INSTRUCTIONS FOR THE TASK :: Exactly the lines from the one with "here is the" through the end of the data below must be set down, and no pictures with them.

DATA ::
--*--

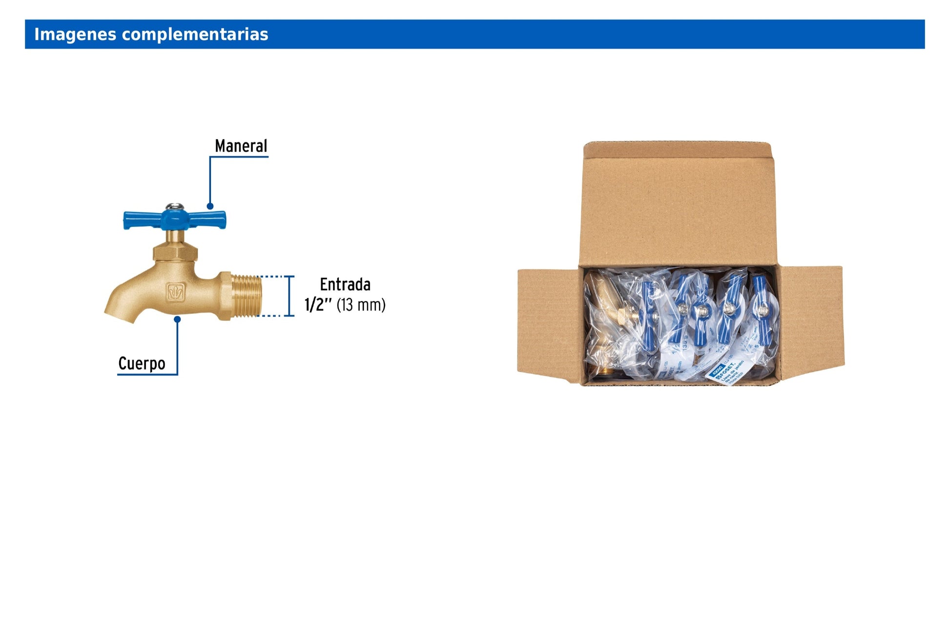 Fabricada en latón para máxima duración, con maneral metálico y cierre de compresión. Diseñada para jardín y tomas de agua.
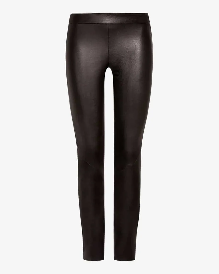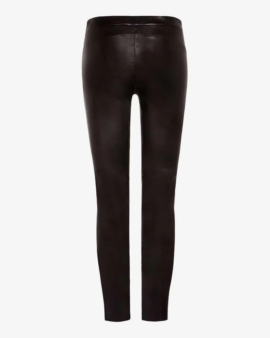 Roche Lederleggings für Damen von Arma in Schwarz. Das schmal geschnitteneModell begeistert durch die hochwertige Lammleder-Qualität. Ein seitlicherReißverschluss sowie der elastische Bund sorgen für eine feminine Passform.
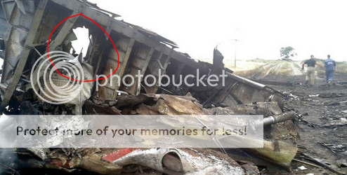 here is the suspect hole with metal bent inward.possible missile hole on downed plane in ukraine.
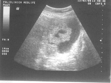 Imaginea "in cocarda" este o imagine rotunda, are centrul hiper/izoecogen, inconjurat de o arie circulara hipoecogena.

--*--

WRITTEN ANSWER ::
 here is the suspect hole with metal bent inward.possible missile hole on downed plane in ukraine.
 Imaginea "in cocarda" este o imagine rotunda, are centrul hiper/izoecogen, inconjurat de o arie circulara hipoecogena.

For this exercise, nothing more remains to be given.